Umberto è un ottimo marciatore e di frequente, da solo, fa delle marce di tre o quattro ore percorrendo oltre sette chilometri all’ora.

Sembra che in questo periodo tali marce siano quasi necessarie non solo al suo fisico ma anche al suo pensiero, al suo spirito, poiché più facile gli riesce la concentrazione, più facile il poter pensare a ciò che sopra tutto domina il suo pensiero e il suo cuore: l’Italia e gli Italiani.

Con i suoi intimi egli spesso rievoca la tragica storia d’Italia degli ultimi anni, e specie il breve periodo della sua Luogotenenza e quello ancor più breve, del suo Regno. Di volta in volta egli mette in rapporto le cause con gli effetti, il suo comportamento di Sovrano di fronte al suo popolo e agli interessi supremi del paese, e da questo esame obiettivo Egli esce sempre più rafforzato nella coscienza e nel convincimento di essere stato il servo fedelissimo del suo popolo.

Degli ultimi eventi Egli ha la ferma convinzione che nel Referendum del 2 giugno la maggioranza degli Italiani si e espressa a favore della Monarchia e che, forse, un monarca avesse il diritto e il dovere di difendere l’Italia e la volontà popolare restando ancora al proprio posto di fronte al colpo di stato consumato dal governo. Ma quali effetti immediati e quali sviluppi tragici avrebbe avuto un simile atto da parte del Re? E’ chiaro ed evidente: la guerra civile, cioè lo spargimento di nuovo sangue italiano e la tremenda divisione dei suoi figli in due campi avversi in un momento in cui il paese aveva bisogno di concordia e di pacificazione.
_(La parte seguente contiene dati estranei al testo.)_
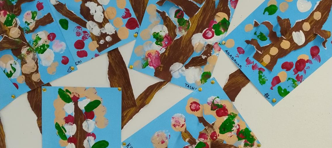 È primavera! Per festeggiare il suo arrivo creiamo un intreccio di rami e di fiori con timbri speciali prendendo spunto dal pittore Damien Hirst.
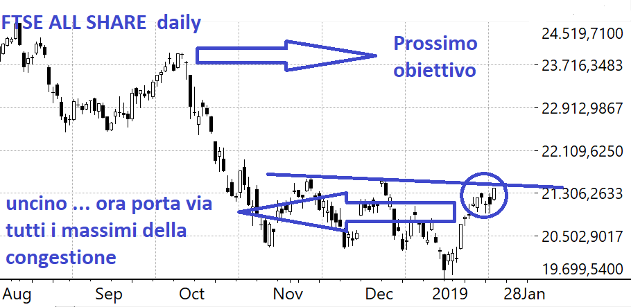 Succede sempre così: il rialzo arriva quando meno te lo aspetti. Con l’uncino di oggi il nostro mercato dovrebbe ritornare verso quota 24.000 del Ftse All Share perché la rottura dei massimi della congestione è roba da poco e lì si svilupperà un boato di acquisti.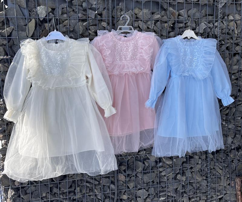 Святкова сукня з рукавом для дівчинки Кольори: рожевий, молочний, блакитний Молочне 150розмір Довжина плаття 70см Довжина рукава від плеча 39см Довжина рукава від горловини 46см Пів обхват грудей 31 см Рожеве 130розмір Довжина плаття 64см Довжина рукава від плеча 36см Довжина рукава від горловини 41см Пів обхват грудей 29см Блакитне 140розмір Довжина плаття 67см Довжина рукава від плеча 37см Довжина рукава від горловини 43см Пів обхват грудей 30см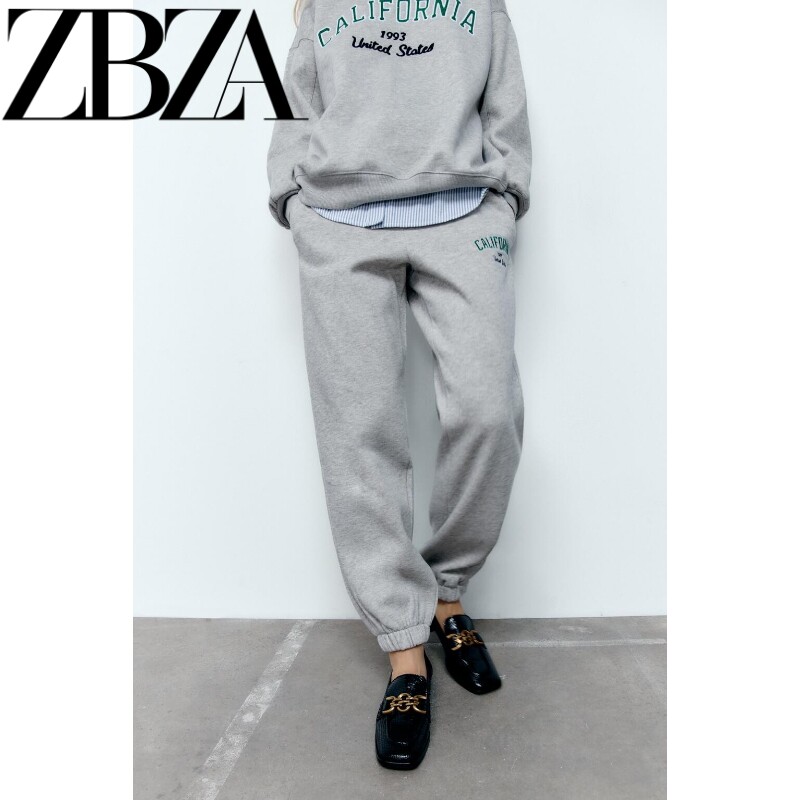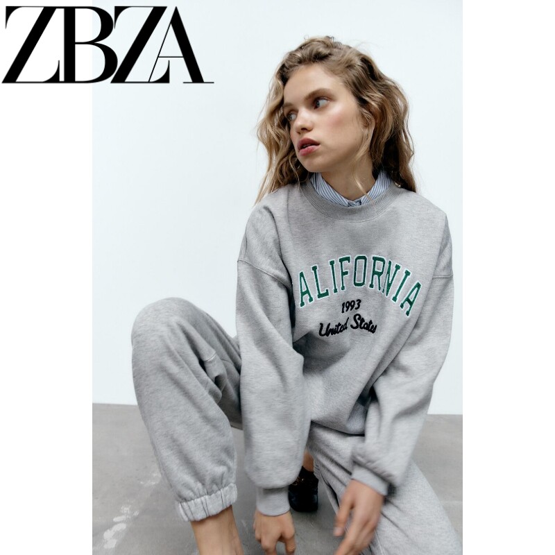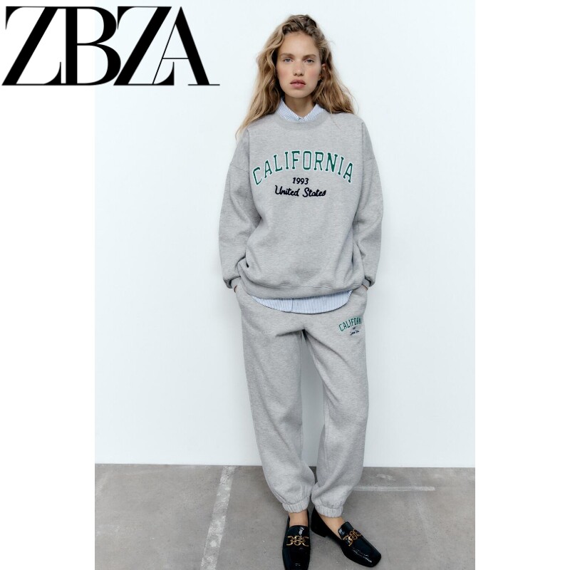 Демисезонный лонгслив с круглым воротником, толстовка, штаны, городской стиль, с вышивкой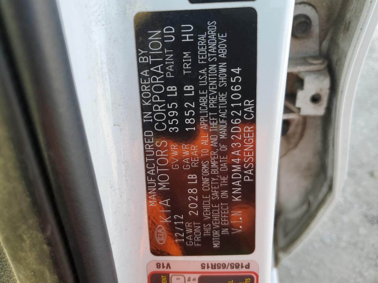 2013 KIA RIO - KNADM4A32D6210654, колір - Білий, 1.6, Бензин, із США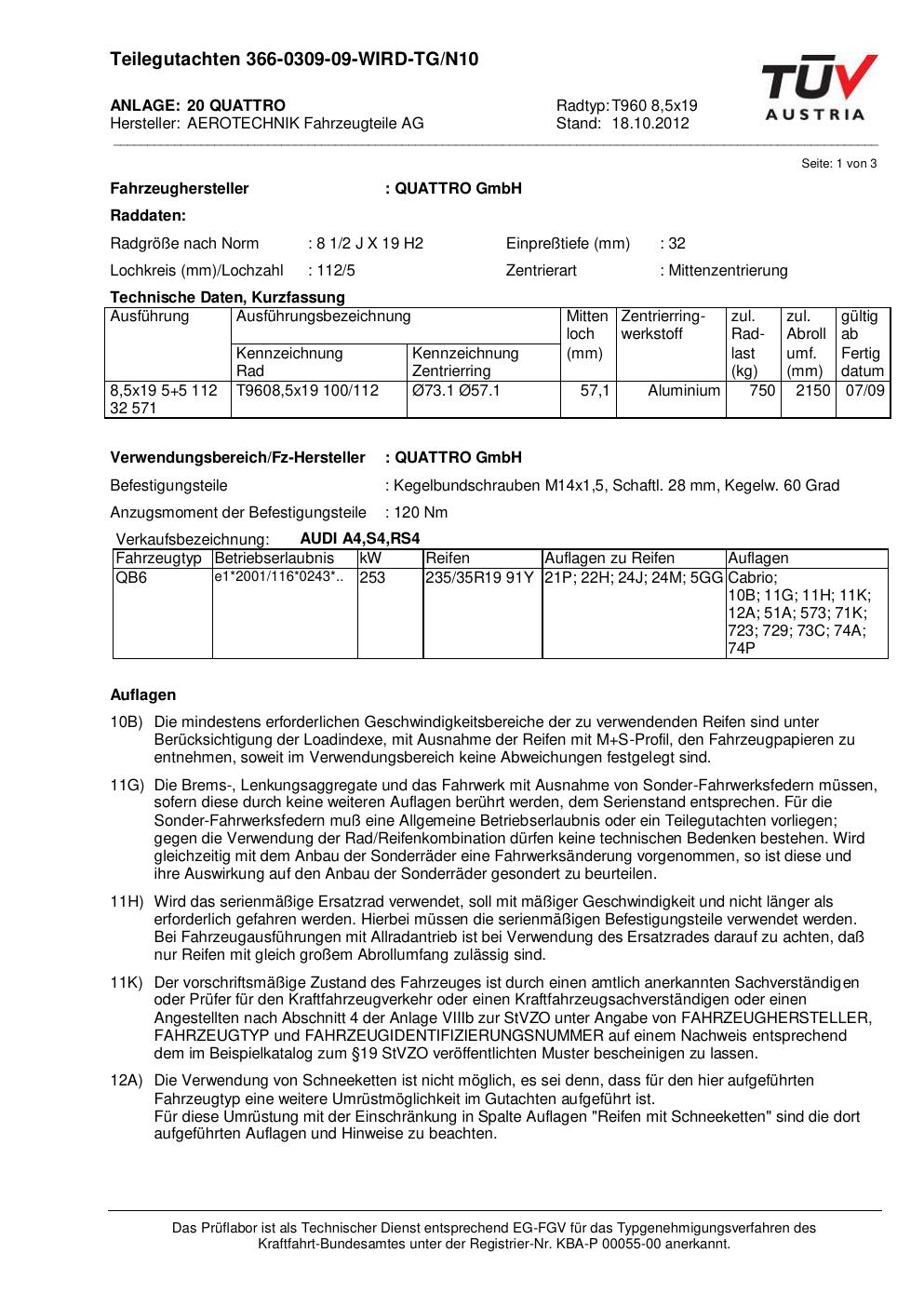 teilegutachten au ATS T960 8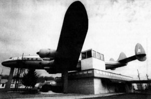 Chicago’s Sky-Hi Drive-In and Restaurant, operated in a salvage-yard DC-7, was opened in late 1963 by the Dimas brothers, Jim, John, and Chris, who evidently spent way too much money renovating and outfitting the 110-foot long plane with all-electric cooking facilities. They perched it on top of a small luncheonette that served as the drive-in part. The fuselage was to provide a fine dining experience, though it’s doubtful that happened. Located on a lot that previously held an auto body shop, it may not have been in the most favorable site. Whatever the problem, less than two years after opening it was out of business.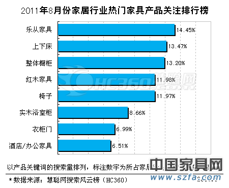 2011年8月份家居行業(yè)熱門家具產(chǎn)品排行榜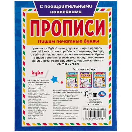 978-5-506-05543-3 Пишем печатные буквы. Прописи с поощрительными наклейками. Буба 165х210мм. 16 стр.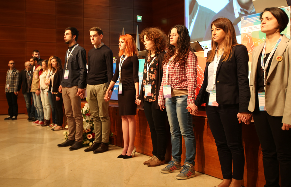 Cogidos de las manos, los jóvenes representantes de las Sociedades Nacionales del Mediterráneo presentaron la Declaración de la Juventud a los altos cargos de la región.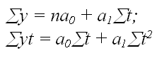 = 24.92. Тогда уравнение будет иметь вид: = 24.92+4.5*t.

E poteva un Re di fronte alla propria coscienza, al suo popolo e alla storia assumersi una sì grave responsabilità, in un momento in cui questa guerra civile, forse, avrebbe visto schierare sulla nostra terra, già percorsa di recente dalla furia bellica straniera, le forze di quei due imperialismi che già oggi, pur sedendo allo stesso tavolo della pace, sono l’un contro l’altro armati?
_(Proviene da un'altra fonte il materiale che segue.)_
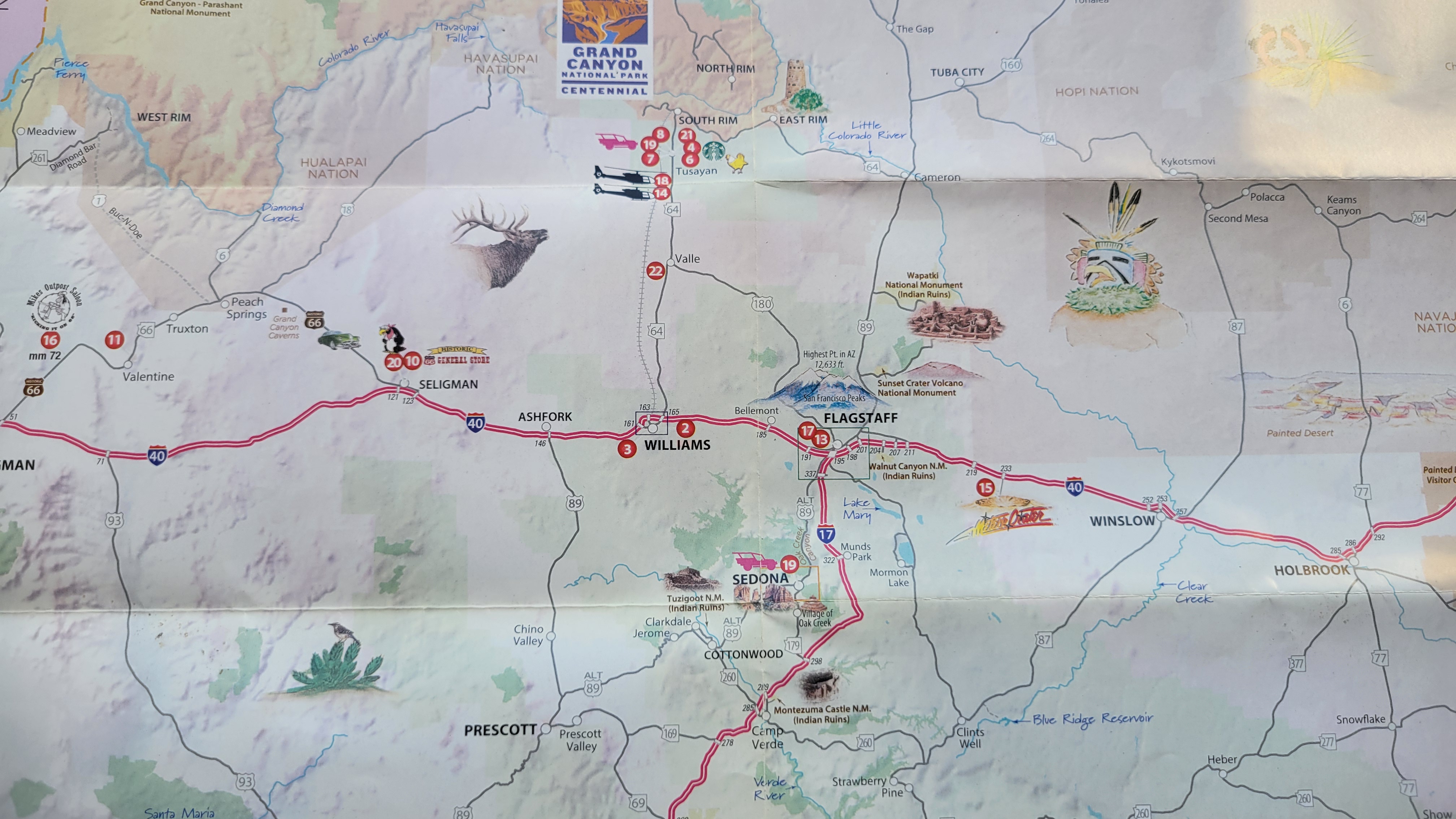 La Posada in Winslow is one night only. On Thursday we relocate (via the Grand Canyon) to the Best Western in Williams. We will stay there for three (3) nights. It will be our base of operations for all other drives and activities.

La storia, questa grande giustiziera della politica e delle azioni umane, dirà domani che Umberto II al pari di Vittorio Emanuele III ben meritarono dalla Patria.

La casa

La casa nella quale la famiglia reale oggi vive è priva d’ogni sfarzo. Essa è costituita di un piano terreno e di un primo piano, la cui parte sinistra è dedicata alla Regina e ai Principi.
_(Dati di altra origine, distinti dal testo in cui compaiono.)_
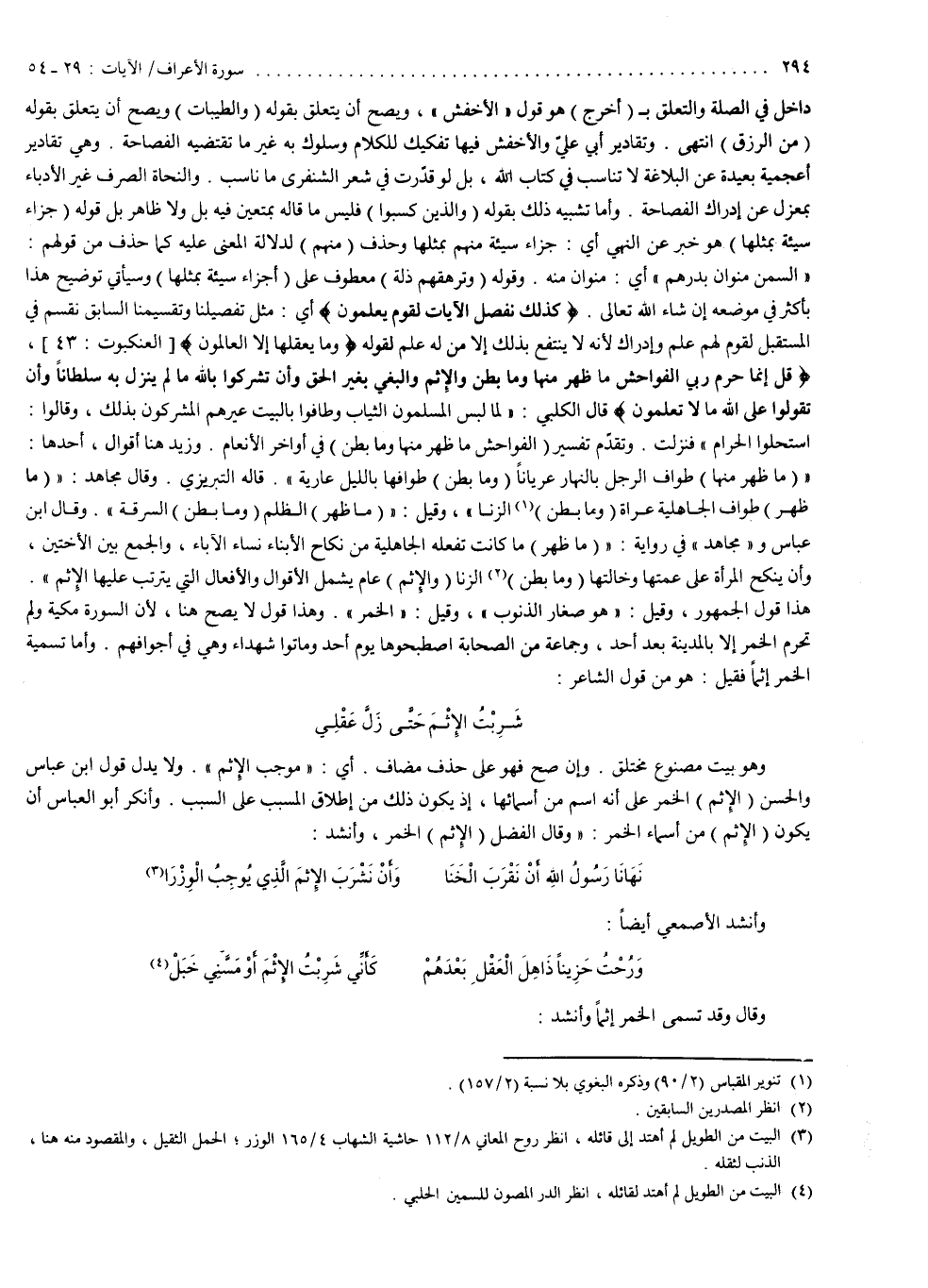 ( قُلْ إِنَّمَا حَرَّمَ رَبّيَ الْفَواحِشَ مَا ظَهَرَ مِنْهَا وَمَا بَطَنَ وَالإِثْمَ وَالْبَغْىَ بِغَيْرِ الْحَقّ وَأَن تُشْرِكُواْ بِاللَّهِ مَا لَمْ ( قال الكلبي لما لبس المسلمون الثياب وطافوا بالبيت عيّرهم المشركون بذلك وقالوا استحلوا الحرم فنزلت ، وتقدّم تفسير ) الْفَواحِشَ مَا ظَهَرَ مِنْهَا وَمَا بَطَنَ ( في أواخر الأنعام وزيد هنا أقوال ، أحدها : ) مَا ظَهَرَ مِنْهَا ( طواف الرّجل بالنهار عرياناً ) وَمَا بَطَنَ ( طوافها بالليل عارية قاله التبريزي ، وقال مجاهد : ) مَا ظَهَرَ ( طواف الجاهلية عراة ) وَمَا بَطَنَ ( الزنا ، وقيل : ) مَا ظَهَرَ ( الظلم ) وَمَا بَطَنَ ( السّرقة ، وقال ابن عباس ومجاهد في رواية : ) مَا ظَهَرَ ( ما كانت تفعله الجاهلية من نكاح الأباء نساء الآباء والجمع بين الأختين وأن ينكح المرأة على عمتها وخالتها ) وَمَا بَطَنَ ( الزّنا ) وَالإِثْمَ ( عام يشمل الأقوال والأفعال التي يترتب عليها الإثم ، هذا قول الجمهور ، وقيل هو صغار الذنوب ، وقيل : الخمر ، وهذا قول لا يصح هنا لأن السّورة مكية ولم تحرم الخمر إلا بالمدينة بعد أحد وجماعة من الصحابة اصطبحوها يوم أحد وماتوا شهداء وهي في أجوافهم وأما تسمية الخمر إثماً فقيل هو من قول الشاعر :

Un grande giardino cui si accede dall’interno della villa, recinto di barriere di mortella dona alla costruzione non bellissima, una decorosa cornice. Da un grande arco settecentesco in muratura, in parte rivestito di folti ciuffi di edera rampicante, una antica scalinata sale rampante verso la retrostante collina. Dalla terrazza di accesso si entra nella casa e si passa in un’ampia anticamera che serve da sala di soggiorno, sala d’aspetto e di smistamento del palazzo. A destra una porta mette, attraverso un’altra camera di passaggio, nella sala da pranzo; a sinistra invece si accede alle camere della Regina. Al centro un grande tavolo in pietra sorretto da otto colonnine dorate, costituisce uno dei pezzi più importanti della villa. Sul piano del tavolo vi è un gran vaso ed un calamaio d’argento. Nella parete di fondo fra due porte un divano stile settecento, due cantoniere agli angoli: decorazioni assai semplici: qualche quadro alle pareti.

Dal fondo si accede al salotto: sobrio, severo, tappezzato in vecchio damasco rosso, in stile rinascimento.

Spiccano sul rosso damascato ritratti del ‘500 dal fondo scuro di dame e di cardinali. Contro la parete centrale v’è un divano in velluto verde, e vicino una grande sedia in istile, un piccolo tavolo con sopra dei libri e un lume. Presso l’altra parete un altro tavolo più grande sorreggente una grande ortensia.

Dal centro del soffitto pende un candelabro in bronzo a steariche. Di fronte al divano sta una consolle dorata con due candelabri. in questo salotto riceve abitualmente Umberto II.

La sala da pranzo è semplicissima: un tavolo ovale al centro e due consolle stile impero.

Questa residenza presso Cintra, a «Quinta de Bela Vista» è Provvisoria. Quanto prima la famiglia Reale si porterà in una villa a Estoril situata su l’Atlantico a circa quindici chilometri da Lisbona. A Estoril già si trova la famiglia dei Duchi di Genova.

Protesa sul mare, Estoril, che nell’estate è meta dei bagnanti portoghesi per la sua posizione incantevole, già ospita l’erede al trono di Spagna, Don juan di Borbone.